▸ WORK TASK
Will you extract the entries word for word? Images should not appear in the copy.

▸ DATASET EXCERPTS
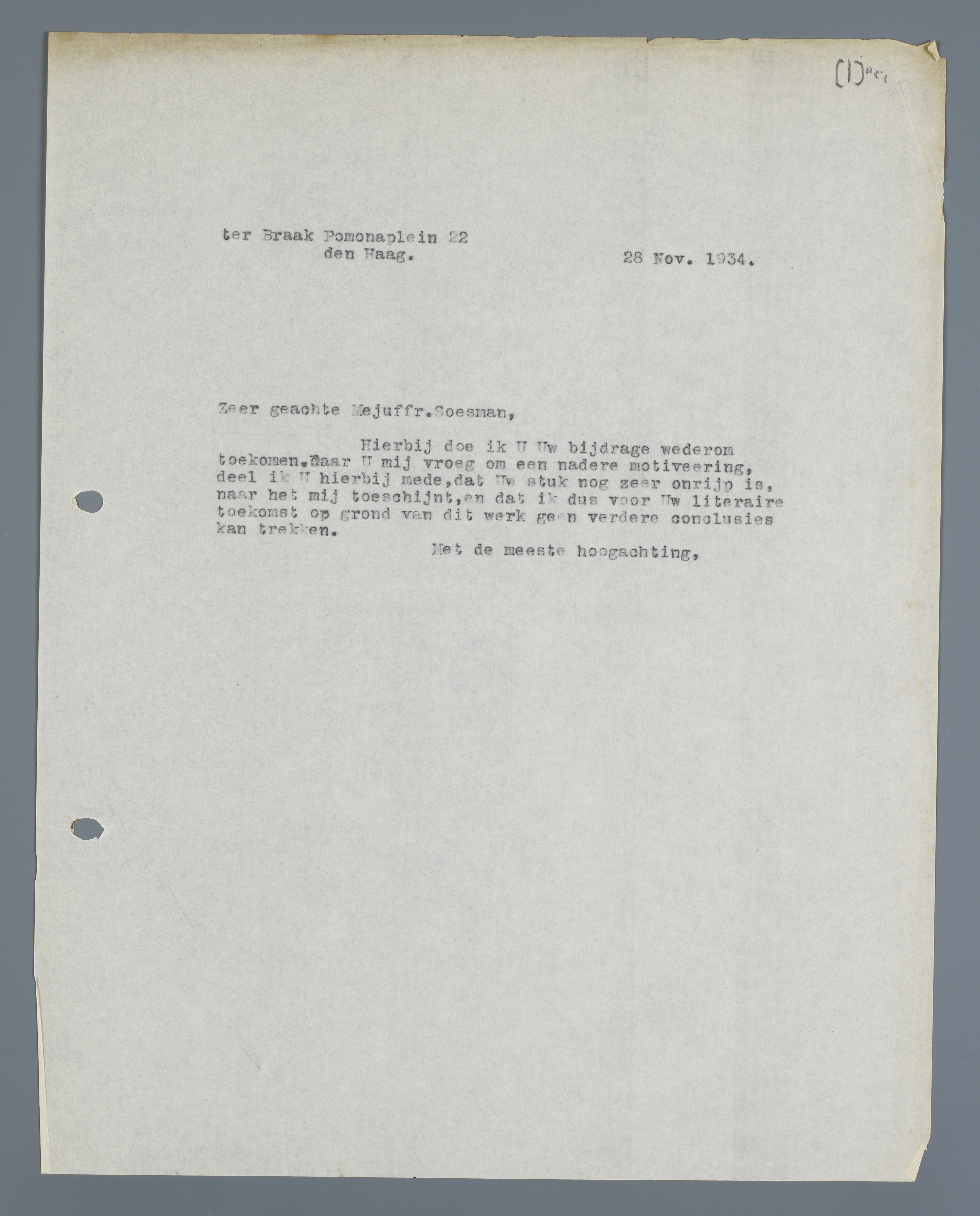 Hierbij doe ik U uw bijdrage wederom toekomen. Daar U mij vroeg om een nadere motiveering, deel ik U hierbij mede, dat Uw stuk nog zeer onrijp is, naar het mij toeschijnt, en dat ik dus voor Uw literaire toekomst op grond van dit werk geen verdere conclusies kan trekken.
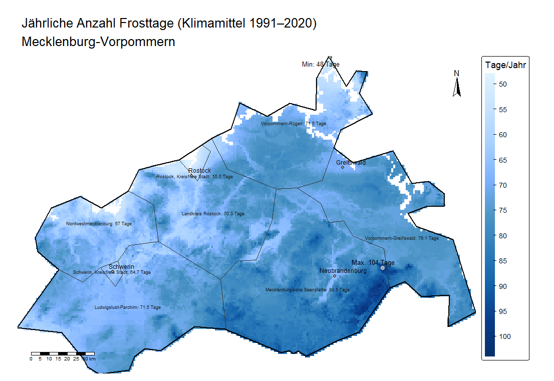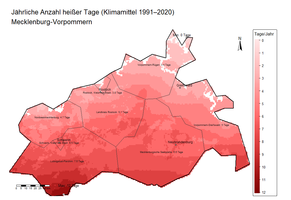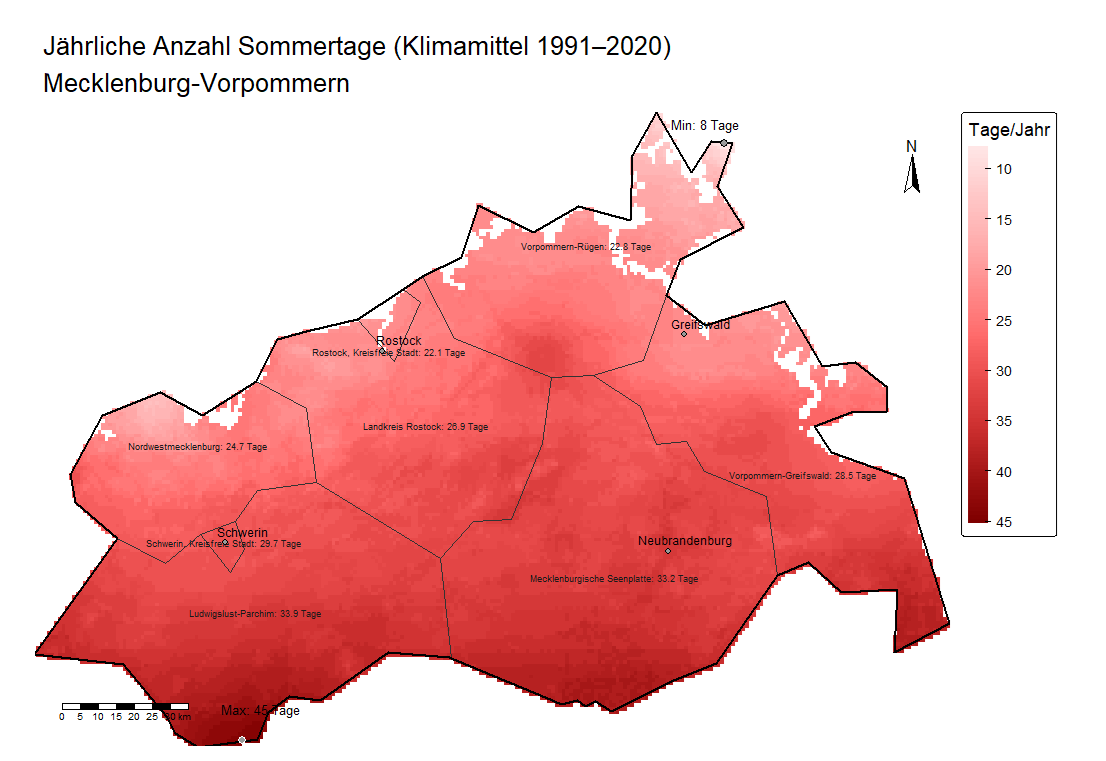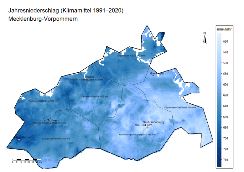MV-Karten der Rasterdaten (1×1 km) für Temperatur, Niederschlag, Sonnenschein und Schneedecke – Klimareferenzperiode 1991-2020. Auf einen Blick erkennen, wo es im Jahresmittel am wärmsten, trockensten und sonnigsten ist sowie in welcher Region statistisch am häufigsten Schnee liegt.
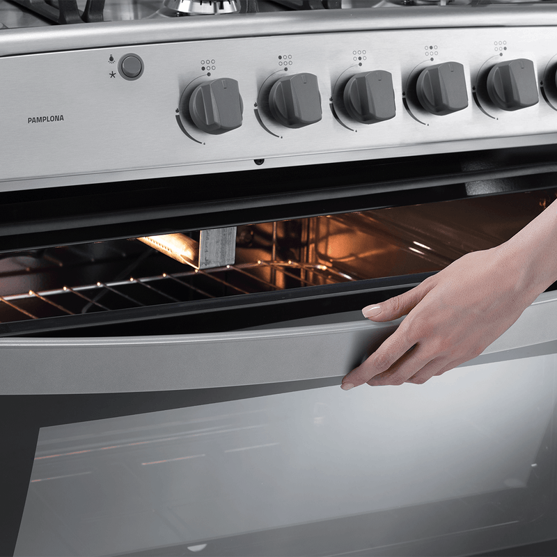 Gracias a su encendido electrónico por pulsante, pondrás en marcha la cocina a gas 6 quemadores y su horno en instantes. Este último posee luz, grill a gas, doble vidrio templado para vigilar tu preparación y una plancha asadora, dándole total versatilidad.
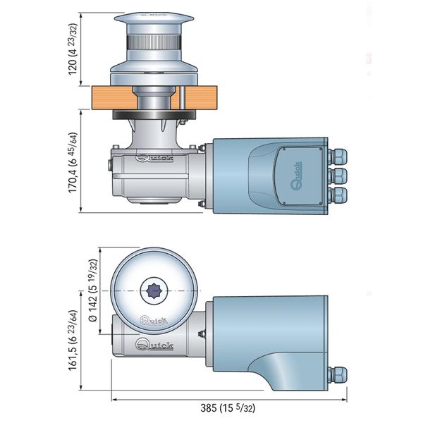 The Quick TB4 Tumbler 1512 horizontal capstan winch is suitable for boats from 16m to 22m (52 to 72ft). The capstan features a AISI 316 stainless steel base and drum (INOX steel) with an anodised aluminium gearbox and an IP67 watertight motor, making it well protected and durable. Supplied with a nylon handle control, anchoring has never been easier. The Quick capstan winch features a 142mm (5" - 19/32) diameter drum which is suitable for rope. This unit comes equipped with an IP67 watertight motor.
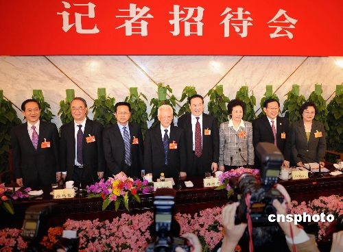 三月六日下午,全國政協(xié)十一屆一次會(huì)議記者招待會(huì)在北京人民大會(huì)堂新聞發(fā)布廳舉行,主題是“民主黨派中央主席談多黨合作”。九三學(xué)社中央主席韓啟德、農(nóng)工黨中央主席桑國衛(wèi)、民建中央主席陳昌智、民革中央主席周鐵農(nóng)、民盟中央主席蔣樹聲、民進(jìn)中央主席嚴(yán)雋琪、致公黨中央主席萬鋼、臺(tái)盟中央主席林文漪(從左至右)共同亮相,受到中外媒體的熱烈關(guān)注。中新社發(fā) 廖攀 攝
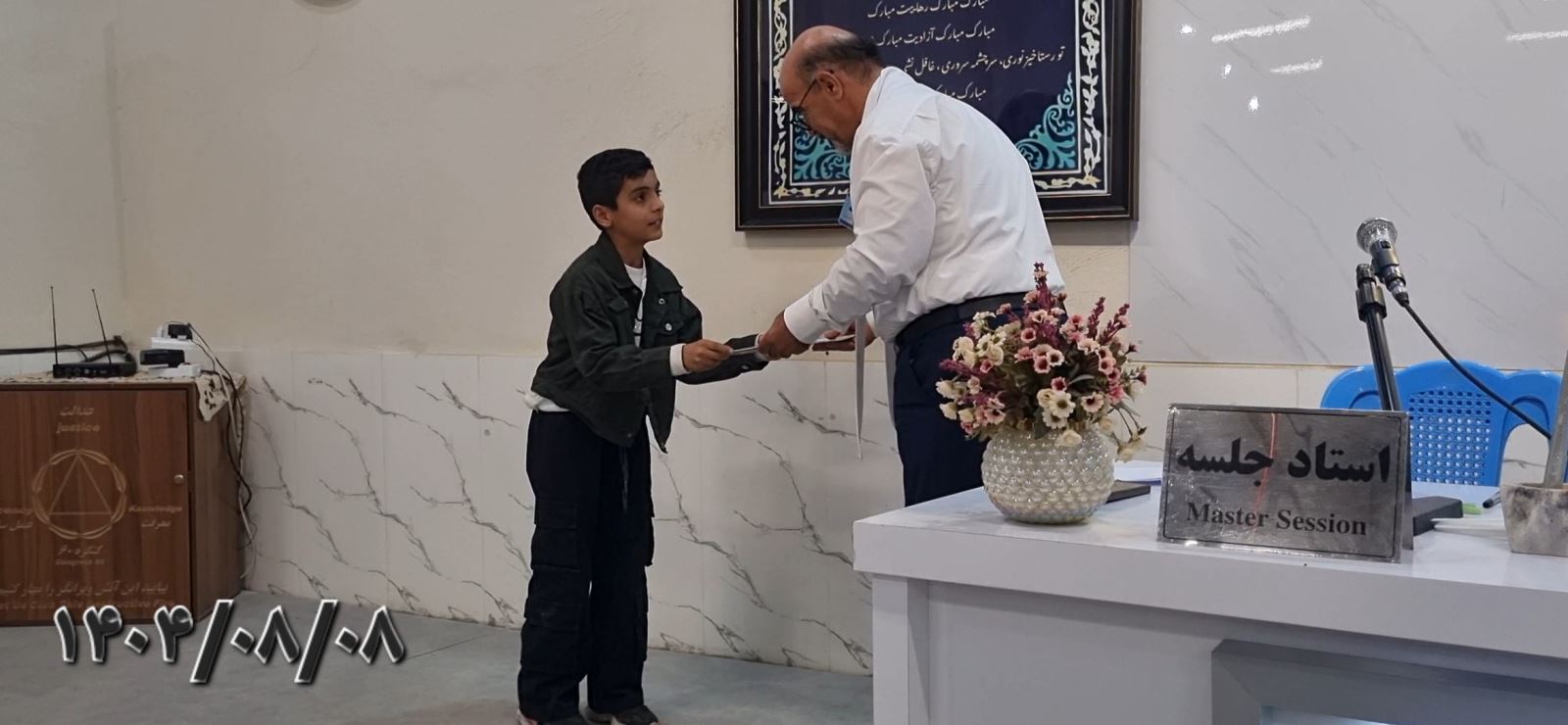 فلسفه پول دادن به کنگره این نیست که پول تو را بگیرد چون من پیش مهندس بودم که ۱۴ نفر آمدند خدمت ایشان جهت پهلوان شدن که ۸ نفر از آنها را قبول نکرند، ۸ تا ۶۰۰ میلیون تومان قبول نکرد، درپایان ازخداوند سپاسگزاریم که معلم براي مافرستاد تا قوانین درست زندگی کردن را به ما آموزش دهد، متشکرم به افتخار آقای مهندس دست بزنید.

▸ ANSWER SECTION
 Hierbij doe ik U uw bijdrage wederom toekomen. Daar U mij vroeg om een nadere motiveering, deel ik U hierbij mede, dat Uw stuk nog zeer onrijp is, naar het mij toeschijnt, en dat ik dus voor Uw literaire toekomst op grond van dit werk geen verdere conclusies kan trekken.
MV-Karten der Rasterdaten (1×1 km) für Temperatur, Niederschlag, Sonnenschein und Schneedecke – Klimareferenzperiode 1991-2020. Auf einen Blick erkennen, wo es im Jahresmittel am wärmsten, trockensten und sonnigsten ist sowie in welcher Region statistisch am häufigsten Schnee liegt.
 Gracias a su encendido electrónico por pulsante, pondrás en marcha la cocina a gas 6 quemadores y su horno en instantes. Este último posee luz, grill a gas, doble vidrio templado para vigilar tu preparación y una plancha asadora, dándole total versatilidad.
 The Quick TB4 Tumbler 1512 horizontal capstan winch is suitable for boats from 16m to 22m (52 to 72ft). The capstan features a AISI 316 stainless steel base and drum (INOX steel) with an anodised aluminium gearbox and an IP67 watertight motor, making it well protected and durable. Supplied with a nylon handle control, anchoring has never been easier. The Quick capstan winch features a 142mm (5" - 19/32) diameter drum which is suitable for rope. This unit comes equipped with an IP67 watertight motor.
 三月六日下午,全國政協(xié)十一屆一次會(huì)議記者招待會(huì)在北京人民大會(huì)堂新聞發(fā)布廳舉行,主題是“民主黨派中央主席談多黨合作”。九三學(xué)社中央主席韓啟德、農(nóng)工黨中央主席桑國衛(wèi)、民建中央主席陳昌智、民革中央主席周鐵農(nóng)、民盟中央主席蔣樹聲、民進(jìn)中央主席嚴(yán)雋琪、致公黨中央主席萬鋼、臺(tái)盟中央主席林文漪(從左至右)共同亮相,受到中外媒體的熱烈關(guān)注。中新社發(fā) 廖攀 攝
 فلسفه پول دادن به کنگره این نیست که پول تو را بگیرد چون من پیش مهندس بودم که ۱۴ نفر آمدند خدمت ایشان جهت پهلوان شدن که ۸ نفر از آنها را قبول نکرند، ۸ تا ۶۰۰ میلیون تومان قبول نکرد، درپایان ازخداوند سپاسگزاریم که معلم براي مافرستاد تا قوانین درست زندگی کردن را به ما آموزش دهد، متشکرم به افتخار آقای مهندس دست بزنید.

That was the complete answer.